Elon Musk is the other overlap that PEPE supporters lean on heavily. His repeated social media mentions of Dogecoin, culminating in naming a government department after it, were a genuine price catalyst. With PEPE, Musk's engagement has been less direct: frog memes and images rather than explicit shoutouts, but the market has moved on them regardless. That counts for something. The question is whether it counts for enough.

Is PEPE Coin the Next Dogecoin?

Why the comparison flatters PEPE more than the data does

PEPE is not the next Dogecoin. At least not in any way you can plan for. Dogecoin succeeded by accident, a fact the Dogecoin Foundation has spent years trying to paper over with retroactive strategy. The coin found actual utility when Reddit users started tipping each other with it, an organic use case that nobody scripted. PEPE's own website states the coin is completely useless and has no formal team or roadmap. That might read as charming self-awareness, but it also means there is no path to the kind of grassroots adoption that gave Dogecoin staying power.

The meme coin graveyard makes this clearer than any price chart. More than 11 million cryptocurrencies, the majority of them meme coins, failed in 2025 alone, according to CoinGecko research. That is not a rounding error. That is a near-total extinction rate for a category of assets that PEPE belongs to by design.

So what would actually need to happen for PEPE to recover and push toward Dogecoin-tier recognition? Realistically, one thing: a high-profile social media moment from Musk or someone with equivalent reach. That is it.

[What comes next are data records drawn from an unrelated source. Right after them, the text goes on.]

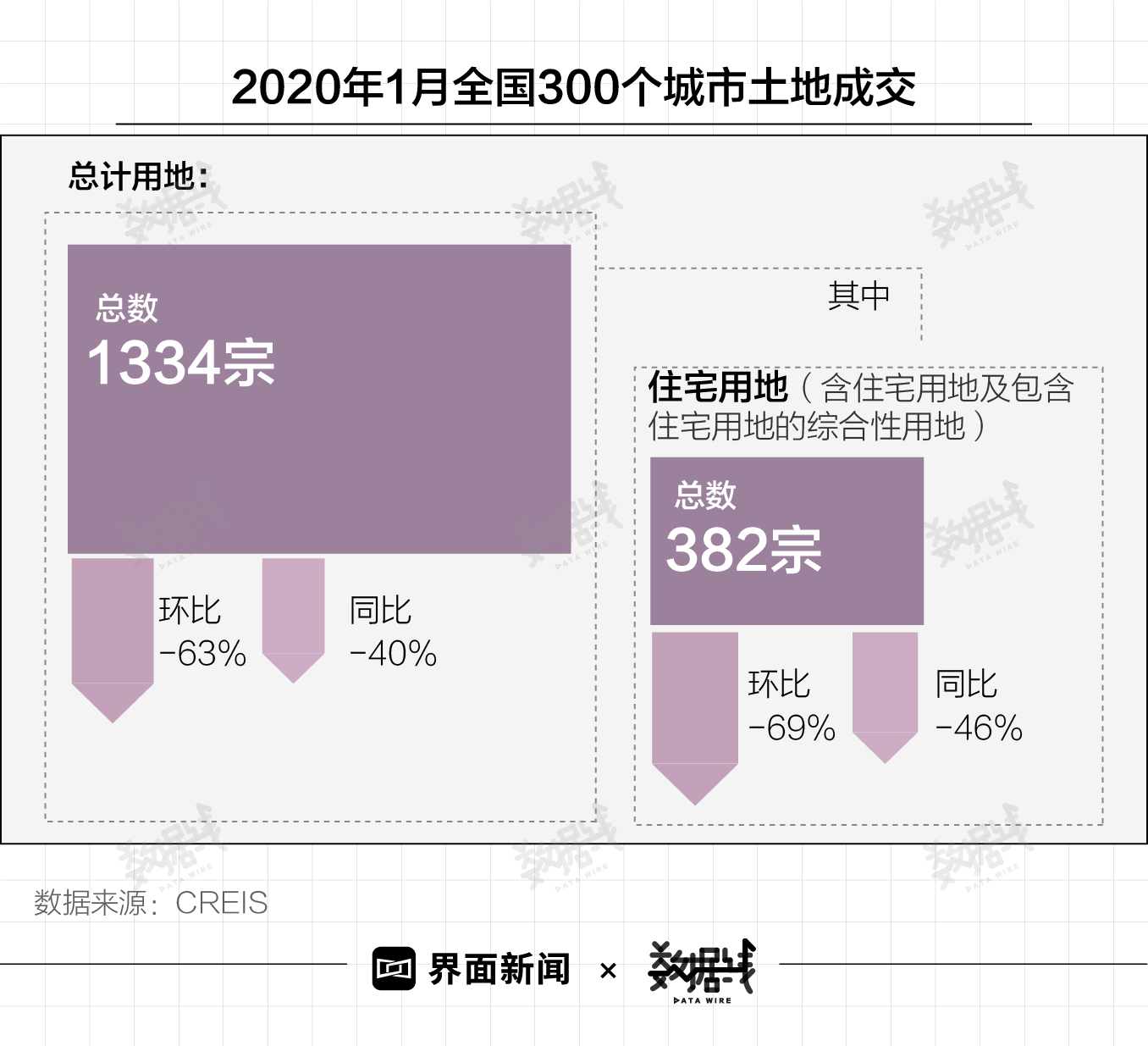 据CREIS,2020年1月,300个城市土地成交共计1334宗,环比下降63%,同比下降40%。其中,住宅用地(含住宅用地及包含住宅用地的综合性用地)总成交382宗,同比下降46%。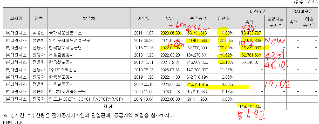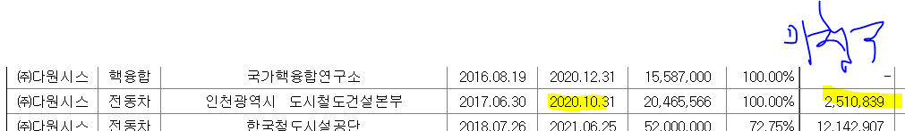 /전동차 품목/인천도시철도건설본부발 계약 진행율 100%. 미청구 공사액 +25.1억 짜리가 갑툭튀했는데,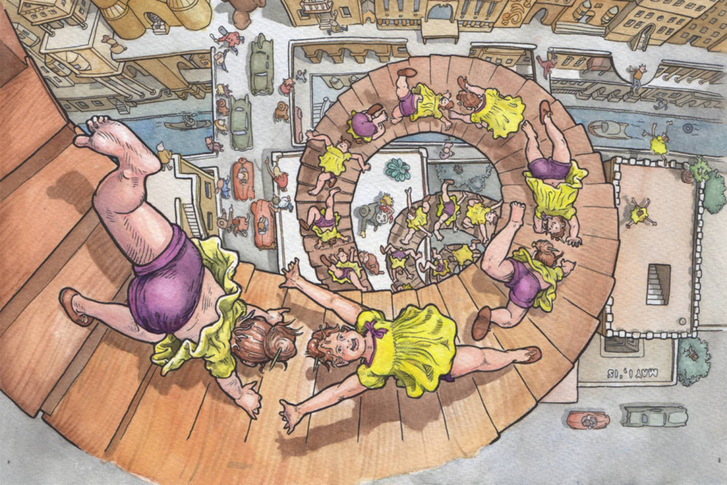 In larger works, the artist wanders even further afield. “Cannonball Boulevard” depicts classic cars driving down a long roadway with spectators including birds, dogs and an alligator. “Motor City Missy” integrates several elements: women driving motorcycles, raucous onlookers, futuristic buildings, people in airplanes and other air vehicles watching the competition. A third piece, also with touches from the future, shows people swept into the air toward the Moon Beam Cafe.

There is no product to ship, no ecosystem to build, no adoption curve to ride. The entire bull case rests on a tweet. That is a bet, not an investment.

Where Should Crypto Money Actually Go?

There is a version of the meme coin argument that sounds reasonable on the surface. Small-ticket speculation, community building, getting people interested in crypto through something playful, those are legitimate ideas. But the data from 2025 kills the feel-good framing. Losing money is not a gateway to better investing habits. For most people who put money into meme coins that year, the experience ended in a loss.

The smarter plays exist in the same space. Ethereum and Solana are the actual infrastructure layers where most meme coins get built, which means they capture value from the whole meme coin economy without requiring you to pick the right frog. An S&P 500 index fund might feel boring next to a coin with a $14 billion market cap peak, but it has a track record that PEPE does not and probably never will.

PEPE might have another moment. Musk might post a frog meme that sends it up 300% in a weekend. That scenario is not impossible. What it is, though, is entirely outside your control as a buyer. When the only catalyst is someone else's social media activity, you are not investing, you are waiting for a stranger to hand you a gift. Most of the time, they do not.

Frequently Asked Questions

Is PEPE coin a good investment in 2026?

PEPE coin carries extremely high risk. It is down 74% over the past year and trades at $0.0000053, with no team, no roadmap, and no utility. Its price depends almost entirely on social media attention from high-profile figures like Elon Musk. Most meme coins in this category failed in 2025.

How is PEPE coin similar to Dogecoin?

Both PEPE and Dogecoin were launched without serious intentions, have no fundamental utility, sit in the top 100 cryptos by market cap, and have fallen nearly 90% from their all-time highs. Elon Musk has publicly engaged with both coins, acting as a price catalyst in each case.

Why did Dogecoin succeed when most meme coins fail?

Dogecoin succeeded largely by accident. It found organic utility as a Reddit tipping currency and attracted a loyal community before the speculative frenzy arrived. Its creators never planned for a $14 billion market cap. That kind of accidental adoption is nearly impossible to engineer or replicate deliberately.

How many meme coins failed in 2025?

More than 11 million cryptocurrencies failed in 2025, with the majority being meme coins, according to CoinGecko research. That failure rate reflects how crowded and speculative the meme coin category has become, with most tokens never finding real users or lasting price support.